Członkowie ekipy filmu
"Midnight Rider" - reżyser
Randall Miller i producenci
Jody Savin oraz
Jay Sedrish - zostali oskarżeni o nieumyślne spowodowanie śmierci na planie tej produkcji. Sprawa dotyczy śmierci asystentki operatora, Sary Jones.
Jones zginęła w lutym pod kołami pociągu podczas kręcenia jednej ze scen. 27-letnia kobieta poniosła śmierć podczas próby usunięcia z torów materaca.

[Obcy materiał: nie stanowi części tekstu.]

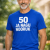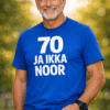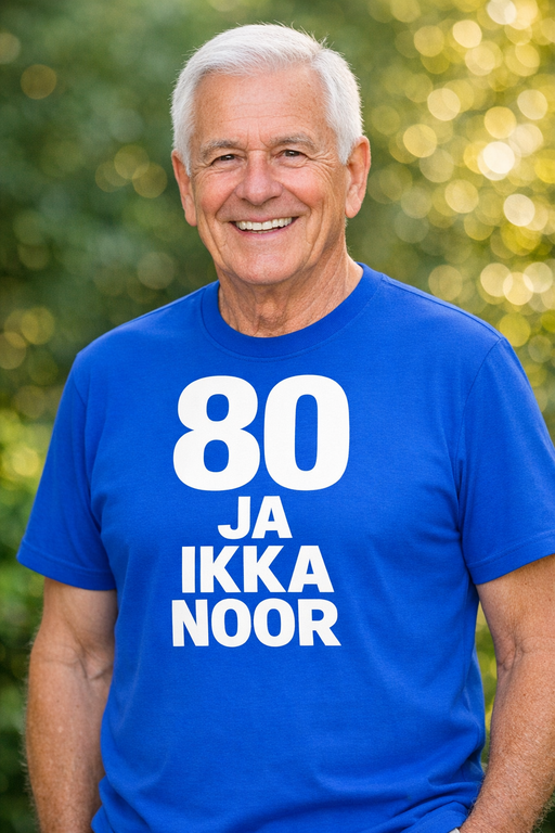 80 küünalt? Puhu need stiilselt ära! See sinine T-särk tekstiga „80 JA IKKA NOOR“ ütleb kõigile, et sünnipäevalaps on hinges endiselt noor.
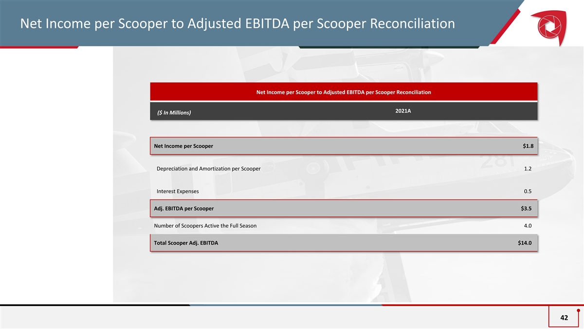 Net Income to Adjusted EBITDA Reconciliation 2021A Net Loss to Adjusted EBITDA Reconciliation Year Ended December 31, 2021 ($ In Millions) Net Loss ($6.5) Depreciation and Amortization 6.7 Interest Expenses 9.3 EBITDA $9.4 (1) Loss on Disposals 1.0 (2) Legal Fees 0.1 Adj. EBITDA $10.5 (3) Net Income / Net (Loss) Margin (17%) (3) Adj. EBITDA Margin % 27% Note: Figures shown above in $, except for margin percentages. (1) Represented loss on the disposal or obsolescence of aging aircraft. 41 (2) Represents one-time costs associated with legal fees for financing activities. (3) Net loss margin represents net loss divided by total revenue and Adj. EBITDA margin represents Adj. EBITDA divided by total revenue.
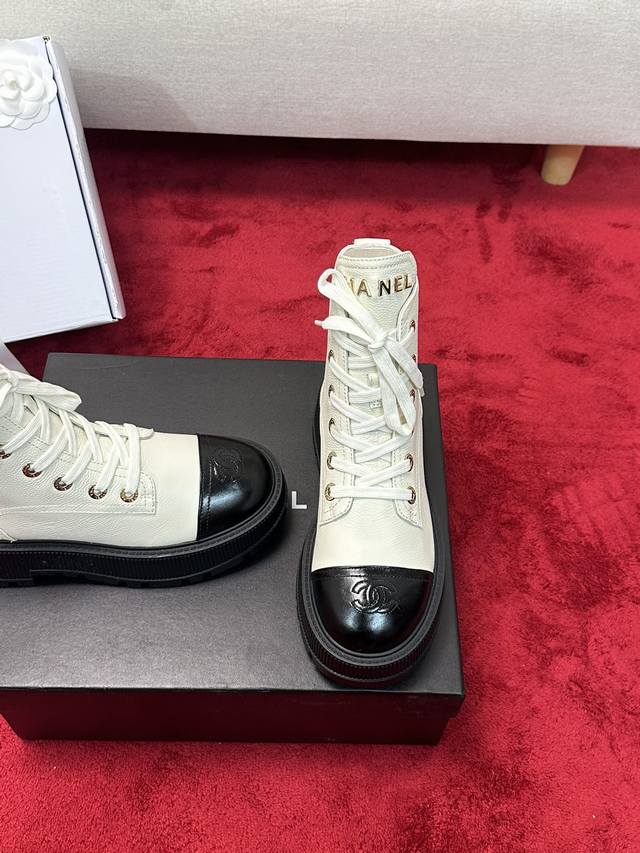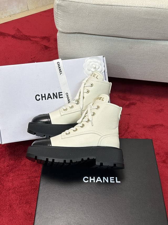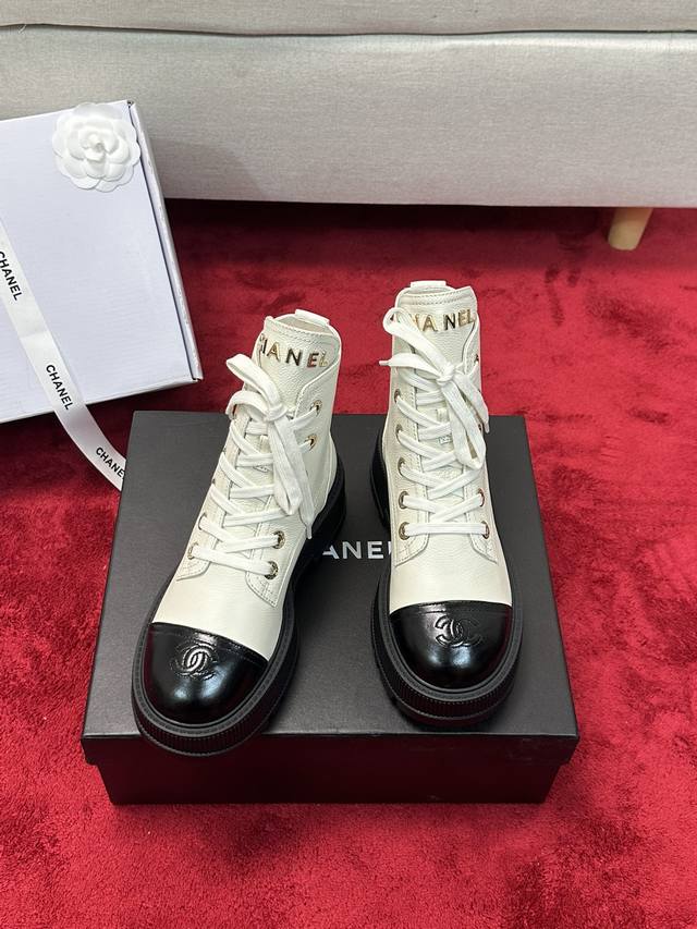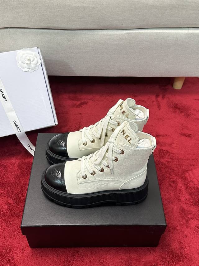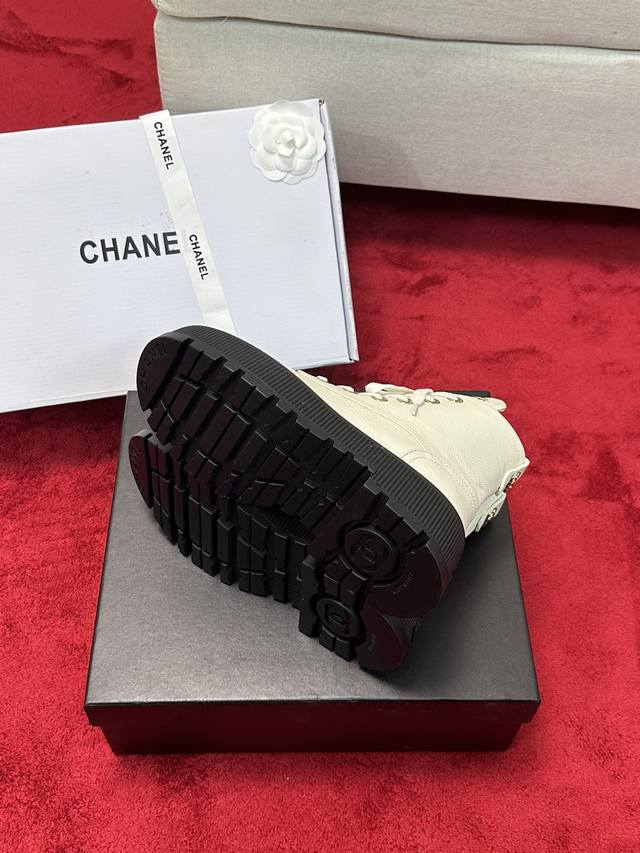 厂价单鞋 布面 短靴 毛里 Chane* |小香经典双c秋冬厚底 系带松糕底机车短靴单鞋 鞋面采用原版定制牛皮 内里混种羊皮 原版开模橡胶成型大底! 底高:5C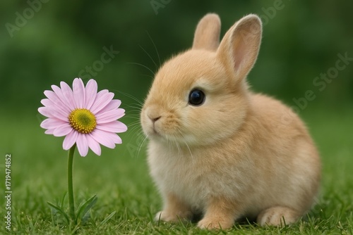 Adorable bunny beside flower

Richard i Elizabeth Jones, rodzice zmarłej, wystosowali oświadczenie komentujące oskarżenia.
Elizabeth i ja jesteśmy zadowoleni z faktu, że władze są ostrożne i skrupulatne w badaniu sprawy, która doprowadziła do śmierci naszej córki. Nie powinniśmy zakłócać działań systemu sprawiedliwości. Nasza misja pozostaje ta sama: zapewnić bezpieczeństwo na planach filmowych. Bezpieczeństwo dla Sary. Za nieumyślne spowodowanie śmierci grozi kara do 10 lat więzienia.
Film miał być biografią muzyka
Gregga Allmana, założyciela grupy
The Allman Brothers Band. Po tragedii sam
Allman wystosował list do reżysera z prośbą o zaprzestanie prac. Zdjęcia do filmu faktycznie zostały wstrzymane. Ponadto
William Hurt, który miał grać jedną z ról, wycofał się z udziału w produkcji.